Это также означает, что неиспользуемые PHP-файлы в этом каталоге тратят впустую время и память, когда WordPress ищет плагины. Один файл не принесет большого вреда, но представьте, что это становится обычной практикой. Вы создаете реальную проблему в попытке исправить вымышленное.

Фуксия
источник
2
«Владелец сайта может разрешить или запретить просмотр каталогов». Это, наверное, ключевой момент.
chrisguitarguy
и мой главный вопрос: почему не записаны основные файлы плагинов index.php? это может быть оптимальным обходным
путем
10

Я собираюсь сказать ДА. Безопасность через неизвестность работает, если вы более неясны, чем ваши соседи :) (шучу, но в этом есть доля правды).

Реальность такова, что боты / сканеры теперь компилируют списки плагинов прямо с wordpress.org и сканируют URL-адрес плагина напрямую, считывая отпечатки пальцев для известных эксплойтов и сохраняя информацию в базе данных для справки.

Итак, какой из них вы бы предпочли: бот не может собрать информацию о вашей установке или оставить его на усмотрение автора плагина, чтобы убедиться, что вы в безопасности. Как насчет обоих.

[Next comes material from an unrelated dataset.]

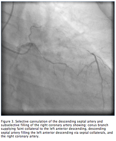 Figure 3. Selective cannulation of the descending septal artery and subselective filling of the right coronary artery showing: conus branch supplying faint collateral to the left anterior descending, descending septal artery filling the left anterior descending via septal collaterals, and the right coronary artery (click thumbnail to view larger image).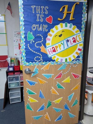 Create a happy learning environment with the Carson Dellosa Happy Place Classroom Décor Bundle, featuring everything from colorful décor to organizational classroom supplies! The 706-piece classroom décor set includes a This is Our Happy Place, welcome, and calendar bulletin board set, 65 ft. of red, 2 packs of 3' x 3" strips of sunshine, and 2 packs of 3' x 2.25" strips of paper airplane bulletin board paper. The set also includes vibrant paper airplanes, notebooks, and pens bulletin board décor ranging in size from 0.77" x 6.31"—7.25" x 3", 4" bulletin board letters, a motivational poster set (8.5" x 11" each), a sticker pack, and name plates. Each piece in the set is made of durable material—perfect for chalk board, white board, locker, and bulletin board decorations, and more. More than just colorful décor, the calendar bulletin board set allows you to display monthly schedules and reinforce holidays and important dates, while using the motivational poster set to reinforce rules for a happy and inclusive classroom. Use the sticker pack to reward students on a job well done, and the name plates for back-to-school and classroom organization.

пс. Кроме того, в прошлом году было зарегистрировано 186 эксплойтов из плагинов wordpress.org (* сообщается ...).

Уик
источник
1
Сканеры эксплойтов не проверяют, существует ли плагин. Они пытаются запустить эксплойт во время первого запроса. Пустое index.phpничего не защитит, вы просто получите ложное чувство безопасности.
fuxia
Но они делают, например, wp-scan (один из многих), снимающий отпечатки с более чем 2200 плагинов, и использует приличную идентификацию для обнаружения версий (размер файла, добавления файла и т. Д.)
Wyck
Я очистил десятки взломанных сайтов WordPress. Почти всегда первый запрос был настоящей атакой. Это вполне разумно: зачем тратить время на детальное сканирование, если вы можете проверить уязвимость в первом запросе? Отследите свои 404, чтобы увидеть это. :)
fuxia
1
Я согласен, это должно быть до конечного пользователя, а не автора. Но я тоже не думаю, что это больно. Я просто хотел добавить контрапункт, так как вы сказали «нет».
Вик
1
пометил этот как принятый из-за обсуждения комментария!
chrisguitarguy
1

Поскольку ядро ​​WordPress делает это, для плагинов имеет смысл следовать их примеру. Хотя все это может быть защищено с помощью различных настроек на стороне сервера, это не помешает иметь настройки по умолчанию (вероятно, почему ядро ​​WordPress делает это).

BFTrick
источник
0

Как указала fuxia, существует недостаток производительности, связанный с наличием дополнительного .phpфайла, который WordPress сканирует на наличие плагинов. index.html, Вероятно , будет лучшим вариантом. Конечно, лучшим вариантом было бы запретить просмотр каталогов через веб-сервер.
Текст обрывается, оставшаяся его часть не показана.